Jika saya berkunjung ke Cimahi, isteri saya biasanya diajak jalan-jalan adiknya ke pasar atau mal. “Beli apa saja di mal?” tanya saya kepada isteri sepulang dari jalan-jalan. “Nggak beli apa-apa kok hanya lihat-lihat saja.” Duh, di mal berjam-jam hanya lihat-lihat saja. Itulah sebabnya saya amat jarang menemani isteri atau anak-anak ke mal. Maklum kalau saya pergi ke mal hanya sebentar sekali. Melihat, memilih, membayar, lalu pulang. Itu kebiasaan saya. Paling diselingi makan jika memang ingin makan. Beda dengan mereka. Melihat sepatu anak-anak saja mereka langsung berhenti. “Iiiiih…lutu banget sepatunya. Entar tanggal muda beli ach.” Lalu jalan lagi. Melihat tas, parfum, aksesoris juga menyempatkan berhenti sebentar lalu :” Ihhhhhhhhhhhhh…,” lagi.

Dalam sebuah grup yang saya ikuti beberapa blogger perempuan mendorong semangat saya ketika saya nyaris mogok. “Hayooo Pakde coba lagi. Tinggal selangkah loch.” Saya mencoba lagi dan membatalkan pemogokan. Ternyata memang akhirnya berhasil.

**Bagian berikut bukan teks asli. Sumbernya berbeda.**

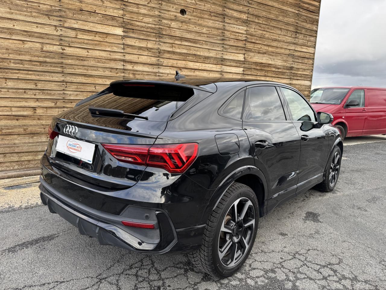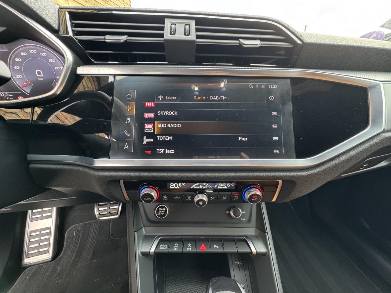 2 prises USB à l’arrière (type-C) et prise 12 volts dans la console centrale arrièreAccoudoir central arrière rabattable avec porte-gobeletsAccoudoir central coulissant en longueur, avec inclinaison réglable et vide-poches relevableAccoudoirs des contre-portes en similicuir monopur 550Appel d’urgence Audi connectApplications décoratives en aluminium brossé mat foncéAppui lombaire à 4 axes pour les sièges avant, réglage électrique, horizontal et verticalAssise de banquette arrière coulissante en longueurAssise de banquette arrière rabattable 40/20/40Assistant de changement de trajectoire "Side Assist" et avertissement de franchissement de ligne "Lane Assist"Audi connect navigation et divertissementAudi connect sécurité et assistance en ligneAudi Drive SelectAudi Hold AssistAudi Parking System PlusAudi pre sense basicAudi pre sense frontAudi virtual cockpit : combiné d'instruments entièrement numérique de 10,25"Ciel de pavillon en tissu noirClé à fréquence radioClimatisation automatique confort 2 zonesCombiné d’instruments entièrement numérique 10,25 poucesContrôle de pression des pneus ( TPMS )Détecteur de pluie et allumage automatique des projecteursDirection assistée électromécanique asservie à la vitesseDirection progressiveDossier de banquette AR réglables en inclinaisonEcrous antivolFixation pour sièges enfants ISOFIX et Top Tether pour les places arrière extérieuresHayon de coffre à ouverture et fermeture électriquesInterface BluetoothInterface USB de type C pour le chargement d’appareils externes uniquementJantes en aluminium coulé 5 branches en V, 7 J x 18 avec pneus 235/55 R18Kit réparationMMI navigation plus avec MMI touchOutillage de bordPack aluminium intérieurPack brillance extérieurPack Eclairage intérieurPack S line ExtérieurPack S line intérieurPare-brise feuilleté, athermique et acoustiquePhares à LED avec clignotants dynamiques à l’arrièreRéception radio numériqueRégulateur de vitesseRétroviseur intérieur électrochrome sans contourRétroviseurs extérieurs couleur carrosserieRétroviseurs extérieurs réglables, dégivrants et rabattables électriquement, incluant fonction rabat automatique pour le rétroviseur côté passager avantSièges avant réglables manuellement : hauteur d’assise, positionnement en longueur, inclinaison du dossier, hauteur des appuie-tête et hauteur des ceinturesSuspensions sportTrousse de secours, triangle de présignalisation et 2 vestes de sécuritéVolant 3 branches multifonctions plus en cuir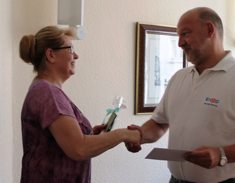 10 Jahre Uta Reeck bei Knoop - das war uns eine kleine Feier wert. Am 14.08.2015 bedankte sich Geschäftsführer Olaf Knoop im Namen des gesamten Knoop-Teams bei Frau Reeck mit Kaffee und Kuchen und einer netten Überraschung. In der gemütlichen Runde mit Prokuristin Michaela Knoop wurden die Anfänge der Zusammenarbeit lebendig.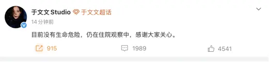随后,于文文工作室通过官方渠道发布情况说明称,于文文已第一时间送医,目前没有生命危险,仍在医院接受观察治疗,并对外界的关心与祝福表示感谢。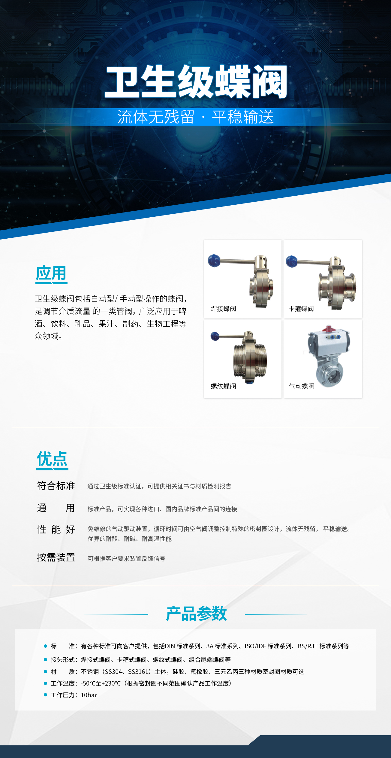 - 衛(wèi)生級(jí)蝶閥包括自動(dòng)型/手動(dòng)型操作的蝶閥,是調(diào)節(jié)介質(zhì)流量的一類(lèi)管閥,廣泛應(yīng)用于啤酒、飲料、乳品、果汁、制藥、生物工程等眾領(lǐng)域。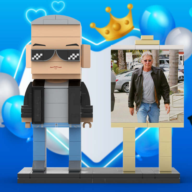 Startseite / Full Body Customizable 1 Person Cool Grey Hair Daddy Street Photo With Classic Outfit Custom Brick with Frame Figures Small Particle Block Toy Brick Me Figures For Father's Day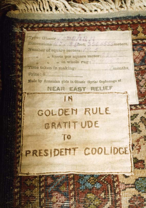 The exhibition also includes A Carpet; a rug that bears the image of the Cedar IV Rocket stamp that was produced in 1964 to honor this scientific project. The Lebanese Rocket Society was born in an Armenian University where most students were the descendents of survivors from the genocide in 1915. The piece refers, not only to the Lebanese Rocket Society but also to young Armenian girls who produced magnificent carpets in the 1920s at an orphanage workshop in Lebanon. These girls weaved one of the largest carpets during their time, which was offered to the President of the United States as a token of gratitude for American support of their workshop. Nearly 400 girls made this carpet over 18 months whose pattern represents the creation of the world. After initially being hung in the White House, the carpet is now, for political reasons, very rarely shown with few people aware of its existence. Re-produced in Armenia, Hadjithomas and Joreige’s rug is an evocation, a reenactment, of these two stories; a tribute to the strengths of a group to survive, aspire and dream.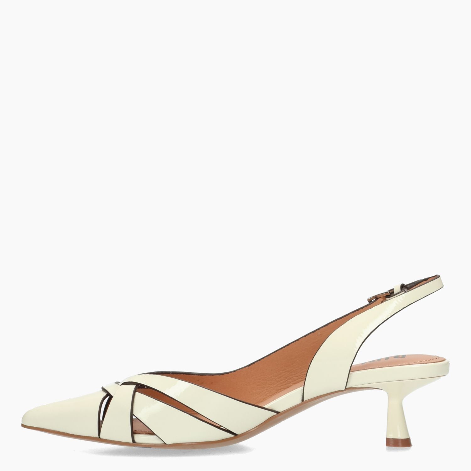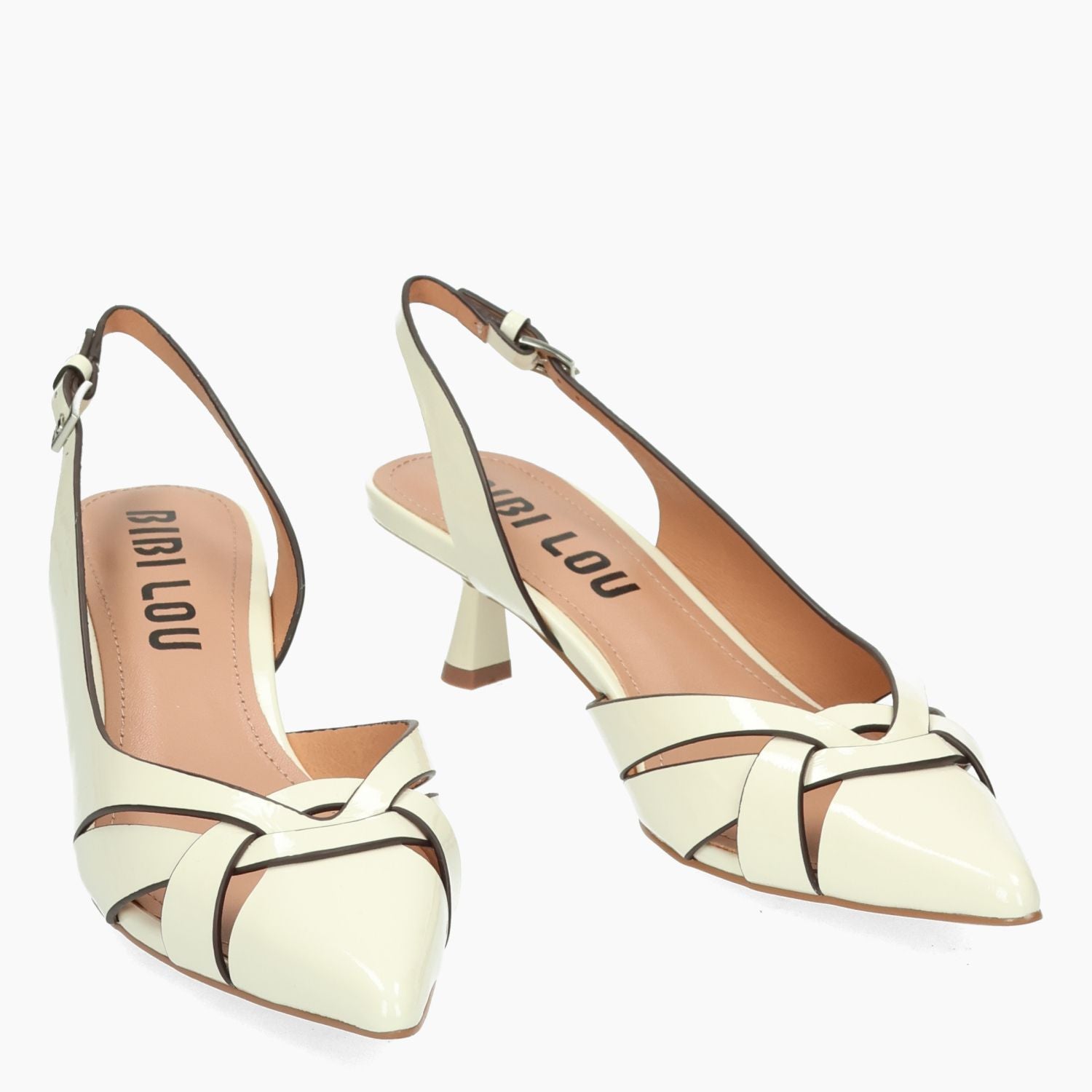 Chanel in pelle verniciata avorio con cinturino regolabile. Interno in pelle. Suola in gomma con tacco di 4 cm. Collezione Bibi Lou donna primavera/estate.

Daya juang juga mereka perlihatkan ketika mereka mengikuti lomba blog atau giveaway. Giveaway Kece: Stand Up Comedy On the Blog yang saya gelar beberapa waktu yang lalu pesertanya juga lebih banyak blogger perempuan.

.

.

Memang sih ada beberapa blogger perempuan yang hiatus atau bahkan berhenti total dari kegiatan ngeblog. Itu terjadi karena kegiatan di dunia nyata mengharuskannya mereka mengurangi akitivitas onlinenya.

.

6. Upgrade Diri

Harus diakui bahwa perempuan itu banyak ‘keinginannya.’ Untuk membuktikannya mudah saja. Jejerkan alas kaki yang dipakai suami dan isternya. Pasti jumlah alas kaki sang isteri lebih banyak daripada sang misoa. Demikian pula pakaiannya. Suami paling mempunyai sepatu warna hitam, coklat, krem, dan putih. Selain warna itu isteri masih mempunyai sepatu warna pink, hijau, biru, jingga, kuning, abu-abu, dan ungu. Maklum sepatu harus padupadan dengan tas atau bajunya hehehehe.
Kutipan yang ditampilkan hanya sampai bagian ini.